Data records
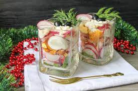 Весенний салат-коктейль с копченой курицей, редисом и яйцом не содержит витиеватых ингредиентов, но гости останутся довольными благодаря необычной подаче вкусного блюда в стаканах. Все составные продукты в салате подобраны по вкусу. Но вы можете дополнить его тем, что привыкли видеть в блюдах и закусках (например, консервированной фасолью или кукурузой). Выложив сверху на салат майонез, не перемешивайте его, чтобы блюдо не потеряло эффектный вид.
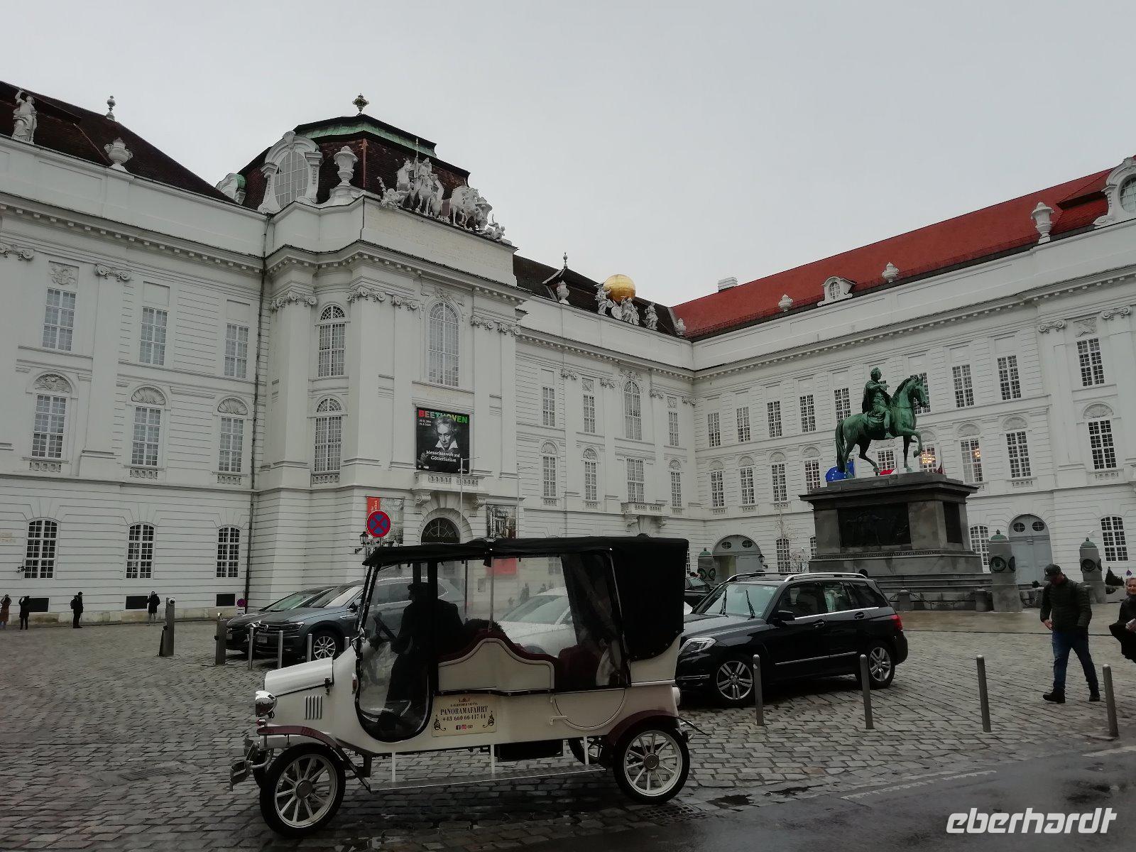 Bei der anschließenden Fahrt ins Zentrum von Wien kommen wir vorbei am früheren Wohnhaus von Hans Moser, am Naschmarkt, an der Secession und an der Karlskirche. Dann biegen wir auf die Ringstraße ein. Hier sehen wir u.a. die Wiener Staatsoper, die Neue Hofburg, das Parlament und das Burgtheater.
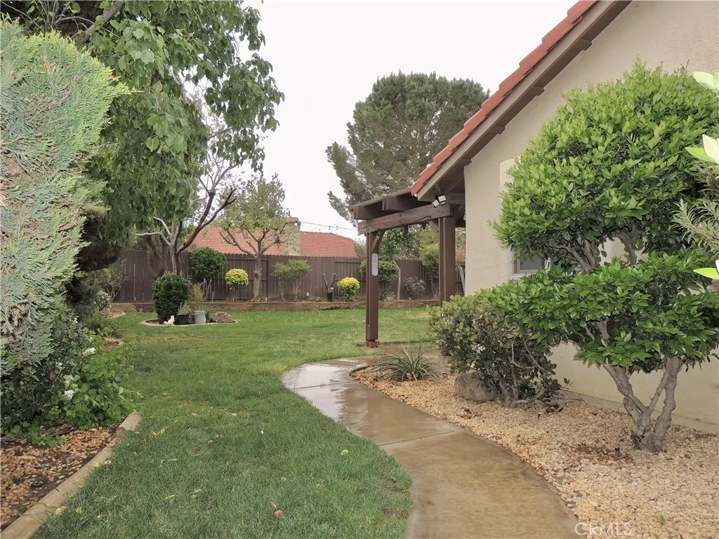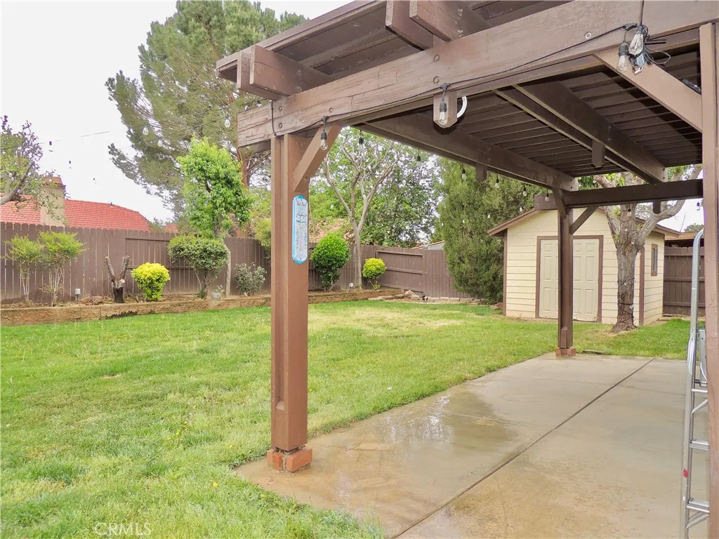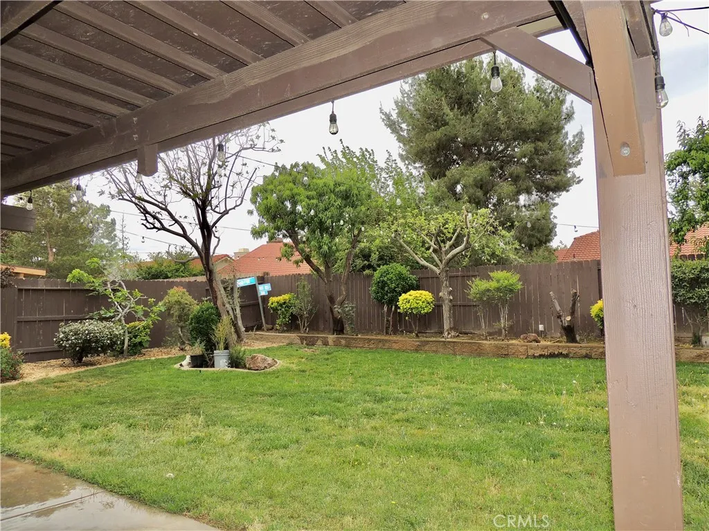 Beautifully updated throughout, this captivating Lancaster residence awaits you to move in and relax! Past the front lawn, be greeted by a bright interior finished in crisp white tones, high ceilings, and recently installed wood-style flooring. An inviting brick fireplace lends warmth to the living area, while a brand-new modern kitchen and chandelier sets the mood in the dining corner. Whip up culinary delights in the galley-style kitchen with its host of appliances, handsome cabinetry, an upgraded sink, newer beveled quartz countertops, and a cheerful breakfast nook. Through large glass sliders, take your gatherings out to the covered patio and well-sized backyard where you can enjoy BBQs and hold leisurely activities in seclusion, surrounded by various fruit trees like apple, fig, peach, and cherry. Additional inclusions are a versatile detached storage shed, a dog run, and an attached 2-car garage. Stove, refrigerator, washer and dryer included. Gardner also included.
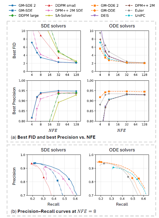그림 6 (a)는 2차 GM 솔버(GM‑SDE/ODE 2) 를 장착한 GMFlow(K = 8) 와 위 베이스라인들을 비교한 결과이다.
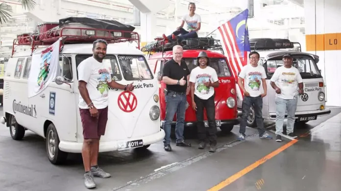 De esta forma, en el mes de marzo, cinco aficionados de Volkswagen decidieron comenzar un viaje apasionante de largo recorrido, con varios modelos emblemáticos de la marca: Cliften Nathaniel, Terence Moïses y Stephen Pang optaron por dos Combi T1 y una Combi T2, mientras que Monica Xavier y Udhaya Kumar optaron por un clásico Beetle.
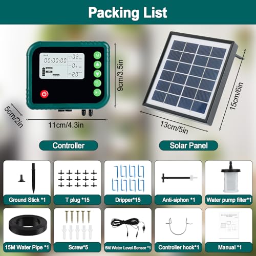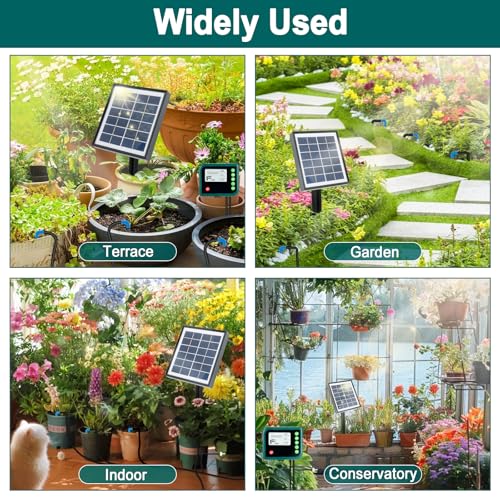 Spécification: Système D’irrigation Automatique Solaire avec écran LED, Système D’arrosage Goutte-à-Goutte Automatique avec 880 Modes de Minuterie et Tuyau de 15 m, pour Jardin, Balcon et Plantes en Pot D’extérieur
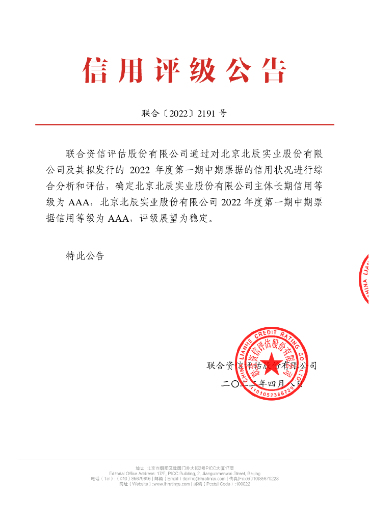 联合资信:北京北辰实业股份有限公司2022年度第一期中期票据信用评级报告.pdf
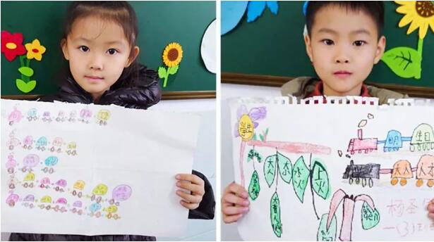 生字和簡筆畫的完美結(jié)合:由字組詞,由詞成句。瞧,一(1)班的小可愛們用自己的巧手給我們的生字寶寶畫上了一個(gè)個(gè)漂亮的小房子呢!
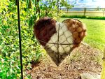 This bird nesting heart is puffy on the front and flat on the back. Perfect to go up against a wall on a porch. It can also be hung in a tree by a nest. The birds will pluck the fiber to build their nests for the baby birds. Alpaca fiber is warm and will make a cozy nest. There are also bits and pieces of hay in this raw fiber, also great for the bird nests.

EXERCISE OBJECTIVE
Make an exact copy of the records, pictures excluded.

EXERCISE SOLUTION
 Весенний салат-коктейль с копченой курицей, редисом и яйцом не содержит витиеватых ингредиентов, но гости останутся довольными благодаря необычной подаче вкусного блюда в стаканах. Все составные продукты в салате подобраны по вкусу. Но вы можете дополнить его тем, что привыкли видеть в блюдах и закусках (например, консервированной фасолью или кукурузой). Выложив сверху на салат майонез, не перемешивайте его, чтобы блюдо не потеряло эффектный вид.
 Bei der anschließenden Fahrt ins Zentrum von Wien kommen wir vorbei am früheren Wohnhaus von Hans Moser, am Naschmarkt, an der Secession und an der Karlskirche. Dann biegen wir auf die Ringstraße ein. Hier sehen wir u.a. die Wiener Staatsoper, die Neue Hofburg, das Parlament und das Burgtheater.
 Beautifully updated throughout, this captivating Lancaster residence awaits you to move in and relax! Past the front lawn, be greeted by a bright interior finished in crisp white tones, high ceilings, and recently installed wood-style flooring. An inviting brick fireplace lends warmth to the living area, while a brand-new modern kitchen and chandelier sets the mood in the dining corner. Whip up culinary delights in the galley-style kitchen with its host of appliances, handsome cabinetry, an upgraded sink, newer beveled quartz countertops, and a cheerful breakfast nook. Through large glass sliders, take your gatherings out to the covered patio and well-sized backyard where you can enjoy BBQs and hold leisurely activities in seclusion, surrounded by various fruit trees like apple, fig, peach, and cherry. Additional inclusions are a versatile detached storage shed, a dog run, and an attached 2-car garage. Stove, refrigerator, washer and dryer included. Gardner also included.
그림 6 (a)는 2차 GM 솔버(GM‑SDE/ODE 2) 를 장착한 GMFlow(K = 8) 와 위 베이스라인들을 비교한 결과이다.
 De esta forma, en el mes de marzo, cinco aficionados de Volkswagen decidieron comenzar un viaje apasionante de largo recorrido, con varios modelos emblemáticos de la marca: Cliften Nathaniel, Terence Moïses y Stephen Pang optaron por dos Combi T1 y una Combi T2, mientras que Monica Xavier y Udhaya Kumar optaron por un clásico Beetle.
 Spécification: Système D’irrigation Automatique Solaire avec écran LED, Système D’arrosage Goutte-à-Goutte Automatique avec 880 Modes de Minuterie et Tuyau de 15 m, pour Jardin, Balcon et Plantes en Pot D’extérieur
 联合资信:北京北辰实业股份有限公司2022年度第一期中期票据信用评级报告.pdf
 生字和簡筆畫的完美結(jié)合:由字組詞,由詞成句。瞧,一(1)班的小可愛們用自己的巧手給我們的生字寶寶畫上了一個(gè)個(gè)漂亮的小房子呢!
 This bird nesting heart is puffy on the front and flat on the back. Perfect to go up against a wall on a porch. It can also be hung in a tree by a nest. The birds will pluck the fiber to build their nests for the baby birds. Alpaca fiber is warm and will make a cozy nest. There are also bits and pieces of hay in this raw fiber, also great for the bird nests.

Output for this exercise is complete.